Implications pour l’infrastructure de tracking
Les cookies tiers restent activés dans Chrome (~67 % de part de marché mondiale) mais sont restreints dans Safari et Firefox. Les API Privacy Sandbox qui étaient destinées à remplacer le ciblage et l’attribution basés sur les cookies ont été retirées. Aucun remplacement natif au navigateur n’est en développement. Le consensus de l’industrie s’est orienté vers l’infrastructure server-side et les stratégies de données first-party comme voie viable à long terme.
L’exception Chrome
La part de marché mondiale de Chrome (~67 %) permet toujours le tracking traditionnel cross-site par cookies. Les cookies tiers restent activés par défaut, et Google n’a pas de plans pour changer cela. Pour les annonceurs qui ne regardent que les chiffres agrégés, la permissivité de Chrome rend la situation gérable en apparence.
Mais l’analyse s’effondre quand on examine des segments d’audience spécifiques. Les sites avec une exposition significative à Safari (tout site avec un trafic mobile substantiel ou des utilisateurs de l’écosystème Apple), les utilisateurs Firefox, et les 31,5 % des internautes utilisant des bloqueurs de publicités sont tous en dehors de la protection de Chrome. Et même les utilisateurs Chrome sont affectés quand ils effacent leurs cookies, utilisent le mode incognito ou changent d’appareil.
Le support continu de Chrome pour les cookies tiers n’est pas non plus garanti indéfiniment. Google a choisi de ne pas les déprécier en 2025, mais l’environnement réglementaire — notamment dans l’UE — continue de pousser vers une gestion plus restrictive des cookies. Le règlement ePrivacy (s’il passe un jour) ou une réglementation future des navigateurs pourrait changer le comportement de Chrome indépendamment des préférences de Google.
L’implication pratique
La réponse technique aux restrictions des navigateurs est l’infrastructure server-side : cookies first-party définis côté serveur pour la récupération de la durée de vie des cookies, tag management côté serveur pour le contrôle des données et le contournement des bloqueurs, et les approches de résolution d’identité pour les scénarios où les cookies ne peuvent pas fonctionner.

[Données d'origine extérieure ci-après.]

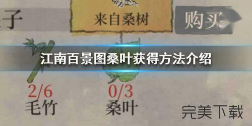 江南百景图桑叶怎么获取呢,有什么获取攻略呢,一定有小伙伴们不知道吧,接下来一游小编给大家带来了一篇关于江南百景图桑叶获取攻略,一起来看看吧。 江南百景图桑叶获取攻略  一、获得方法 兑换桑树苗后,种下,变成桑树后采摘就可以获得桑叶。  桑树苗获得方法: 1、回到现实相同地点可以直接采摘,省点体力,我也是做完任务才发现。 2、去竹农赵叔的古董店买种子,需要花费120铜钱。竹农赵叔的店就在河边。 二、作用介绍 在鱼贩处兑换芳香果子 在绸缎铺兑换蓝色绸缎 修复越桃亭。 放生活鱼任务3. 也许爱情只是因为寂寞。需要找一个人来爱。即使没有任何结局。。  以上就是江南百景图桑叶获取攻略,希望大家喜欢,更多内容敬请关注完美下载网。 江南百景图桑叶怎么获取?江南百景图桑叶获取攻略十拿九郁郁似懂非懂葱葱稳10. 男人的年龄是写在脸上的经历,是刻在心头的智慧,是深沉的魅力。而女人的年龄是隐藏在心头的刺,说不得碰不得,好像树的年轮,一圈一圈全藏在心里。39.致力于/ 投身于 be committed / devoted to…[NextPage]171.两岸猿声啼不住,轻舟已过万重山。《早发白帝城》 闹红一舸,记来时尝与鸳鸯为侣。三十六陂人未到,水佩风裳无数。翠叶吹凉,玉容销酒,更洒菰蒲雨。嫣然摇动,冷香飞上诗句。三月三日天气新,长安水边多丽人。Traditionally, saving is viewed as a virtue, while borrowing is considered as a vice. |
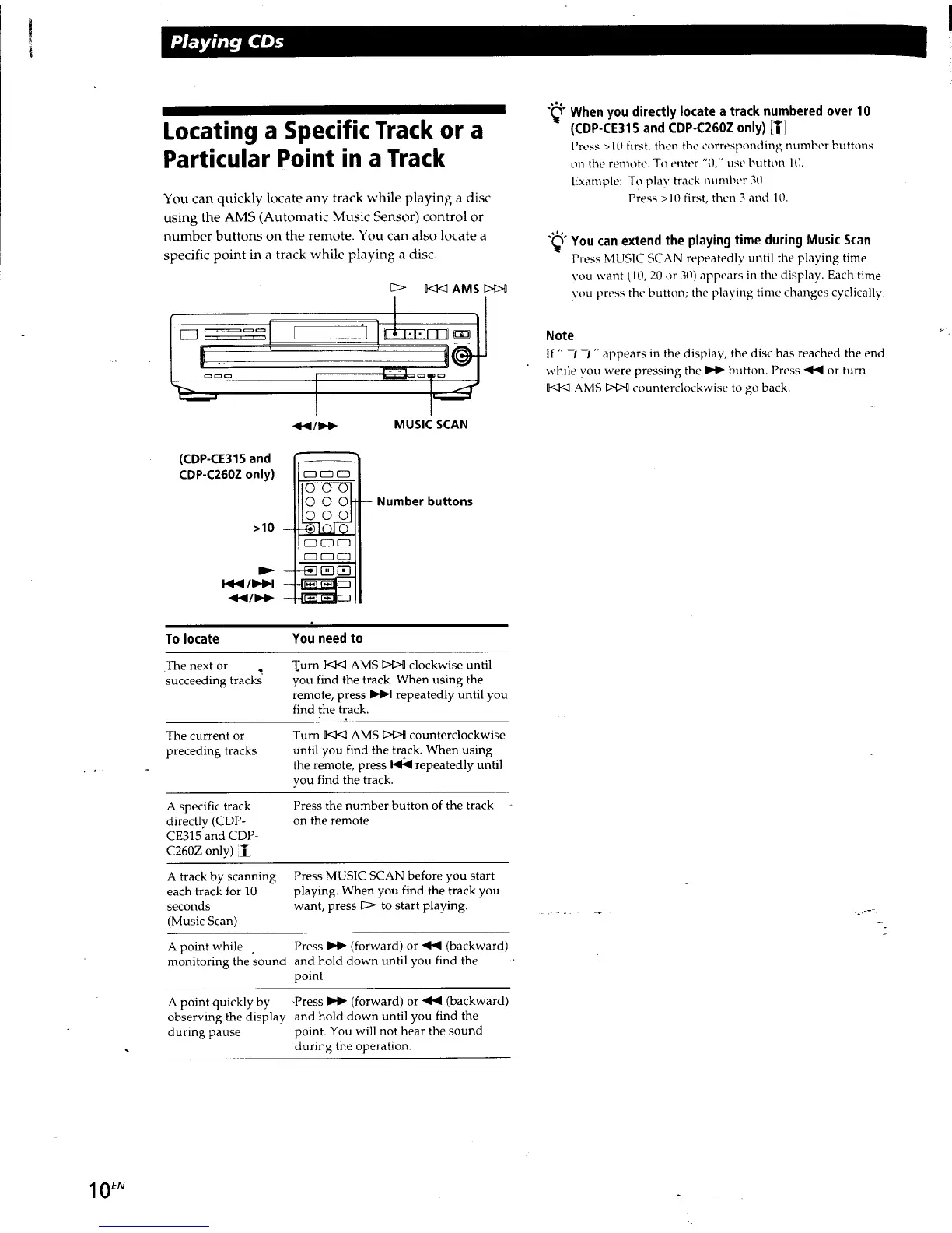 Sony CDP-CE215 - Locating Tracks and Playback Points; Finding Specific Tracks; Music Scan and Point Location
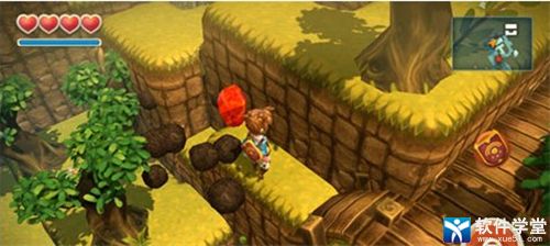 3、过之后继续往前,会走到一个洞穴门口,但是有障碍物挡着,进不去。这时候先从左边的楼梯上去,然后把箱子推下来,直走就能找到一个机关开关,打开机关就可进入洞穴。
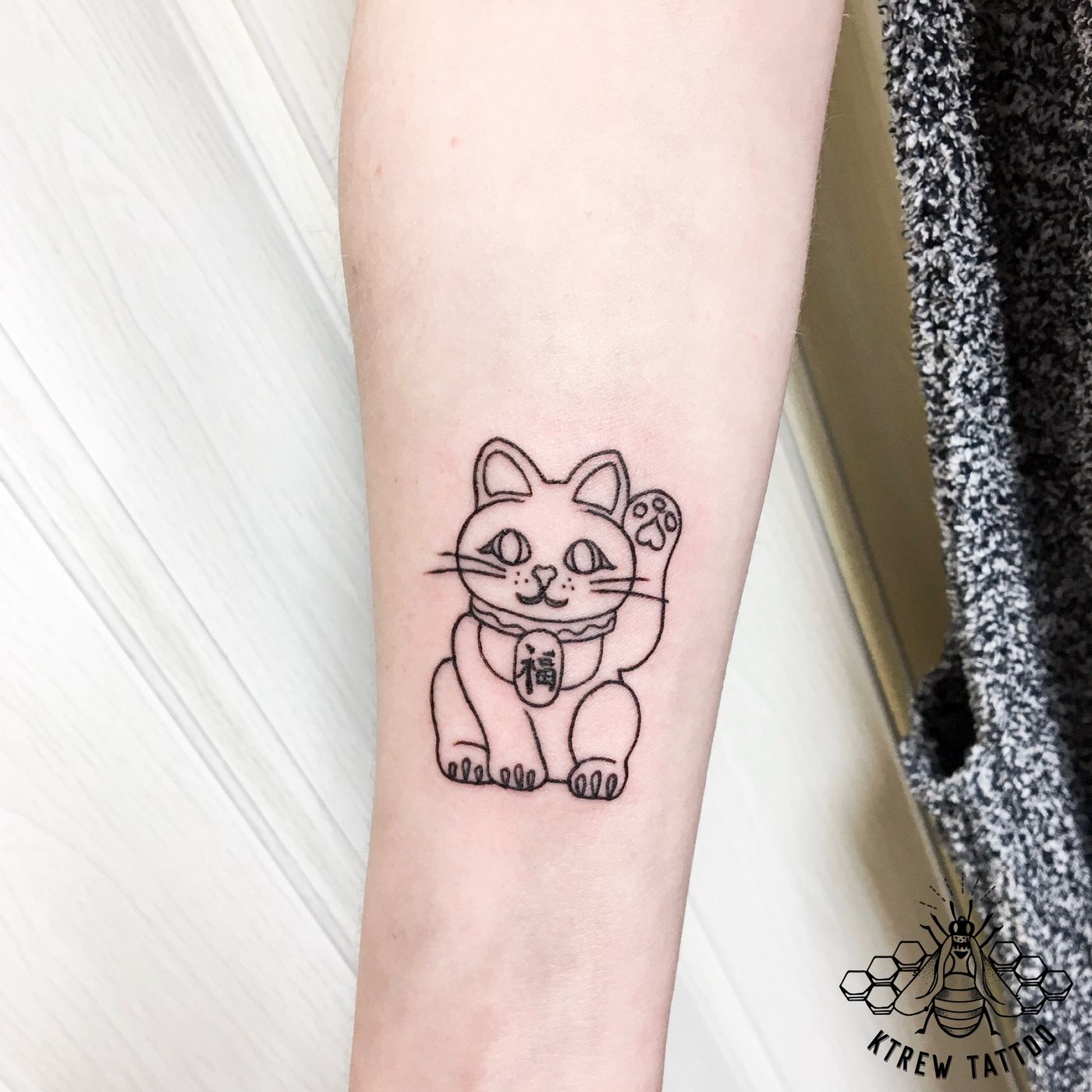 Lucky Cat Linework Tattoo by Kirstie Trew @ KTREW Tattoo • Birmingham UK 🇬🇧 #lineworktattoo #fineline #cat #cattattoo #cats #luckycattattoo #tattoo #birminghamuk
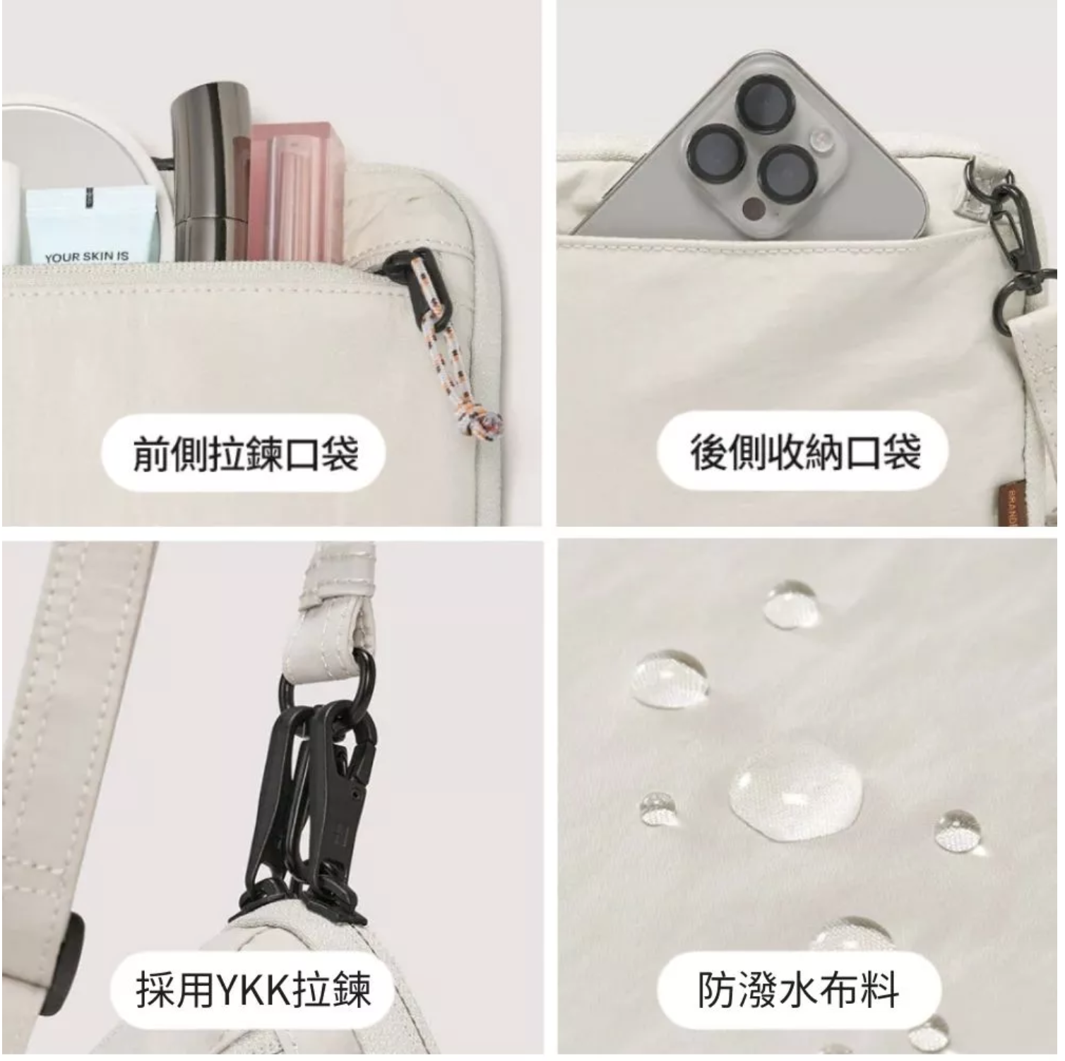 A.布料經過防潑水塗層,能有效阻擋水分滲入。但若完全浸入水中,縫線處仍可能滲水,請注意避免長時間浸水。
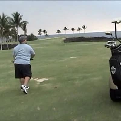 A man golfs outdoors in Hawaii. He tries to hit the golf ball onto the green, but it flies straight up in the air and lands on the man's head. The two clips after that are slow motion versions of the same clip. At 00:15 the full length clip plays again. On the the second swing, the man hits the ball correctly.
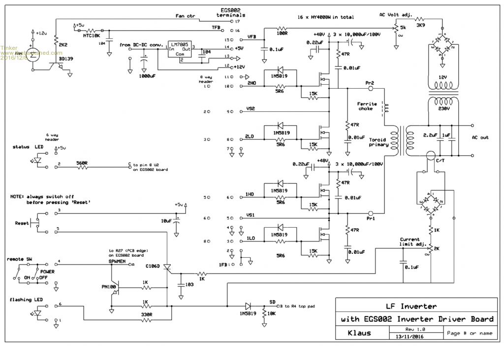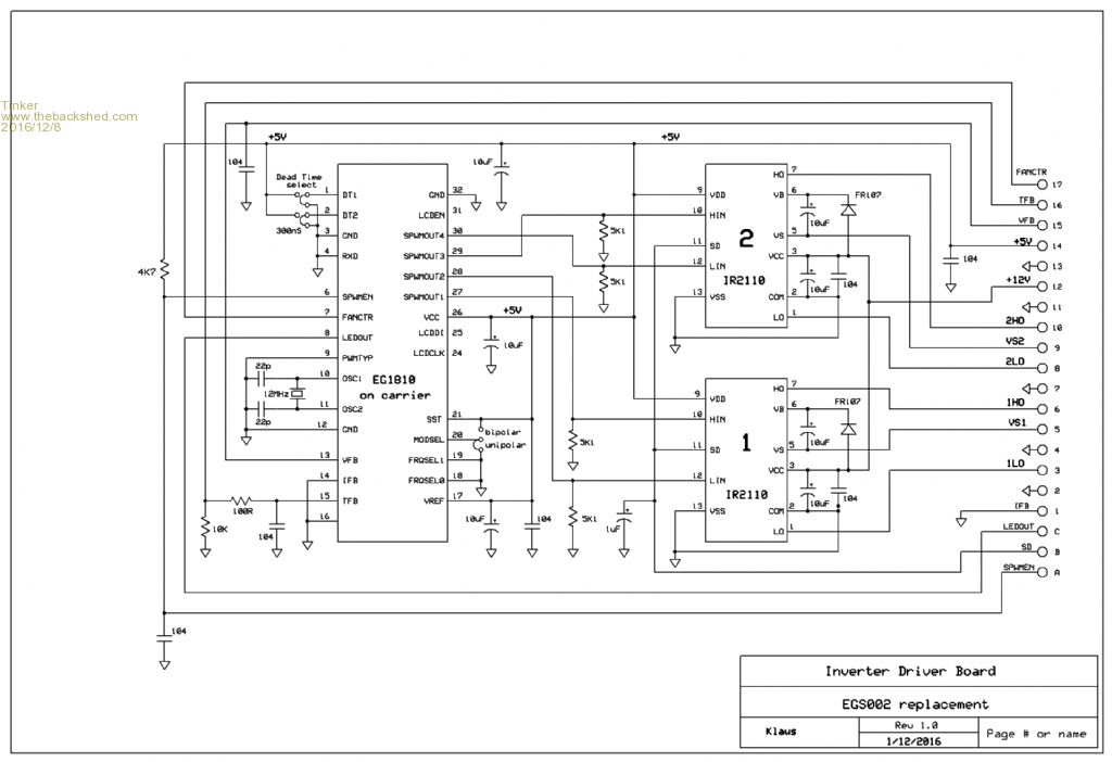 Have assembled the new layout of my EGS002 replacement board and it works! I'm happy now. Its a plug in replacement to my modified 20 pin EGS002 board (see previous page re the mods). But the big plus is the driver IC's can be easily replaced, just plug new ones into their sockets. These chips seem to go kaputt when the Mosfets fail catastrophically. So, here is what it looks like: ![]() The board plugs into my little motherboard where the header pin connectors are located. The 300mm long gate leads from the socket did not appear to affect the running of the inverter. Here is a close up of the replacement board: ![]() And, in case anybody is interested, here are the latest schematics: ![]() ![]() Please note that the schematics I had posted previously have changed. I have to post updated ones as there is no way to correct what I posted some time ago. Oztules, you might be interested in the current shut off testing I did today - it works very well. I connected a 600W load to my test rig and slowly increased the current sense potentiometer until the SCR tripped. Unit shut down and flashing LED came on as expected. Reduced the current sense pot a little and, after resetting, switched on again. No start, the pot required more adjustment. When I found the setting where it reliably started with the above load every time I left the pot alone. Then I switched on an additional 100W load and the inverter shut down instantly, no hesitating at all. I could repeat that successfully many times. I did not try the short circuit test, not game enough yet but I think it might work too as the overload shut down is very fast.Klaus |
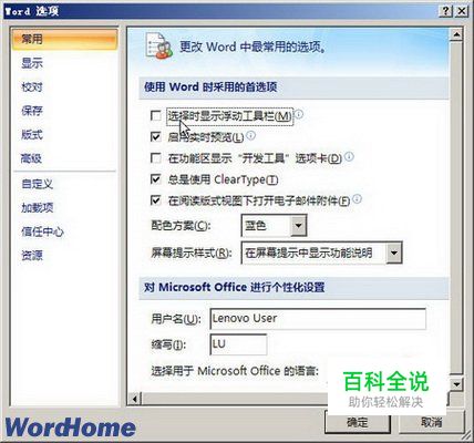 第2步,在打开的“Word选项”对话框中,取消“常用”选项卡中的“选择时显示浮动工具栏”复选框,并单击“确定”按钮即可。
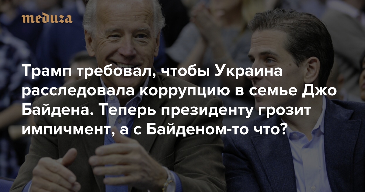 Процедура импичмента Дональда Трампа началась из-за того, что в разговоре с Владимиром Зеленским он настоятельно попросил президента Украины провести расследование против семьи Джо Байдена — вероятного участника президентских выборов 2020 года от Демократической партии. Это расследование касается того, периода, когда Байден был вице-президентом США и отвечал за украинское направление американской политики, а его сын работал в совете директоров одной из крупнейших украинских газовых компаний. «Медуза» рассказывает о том, что хотел узнать Трамп.

Avec les API Privacy Sandbox retirées, aucun remplacement natif au navigateur n’est disponible pour les capacités de tracking que Safari, Firefox et Brave ont restreintes. L’infrastructure server-side est l’architecture qui fonctionne dans le paysage actuel des navigateurs. Les stacks de tracking uniquement client-side n’ont pas de mise à jour de navigateur en attente qui résoudra leurs lacunes de couverture.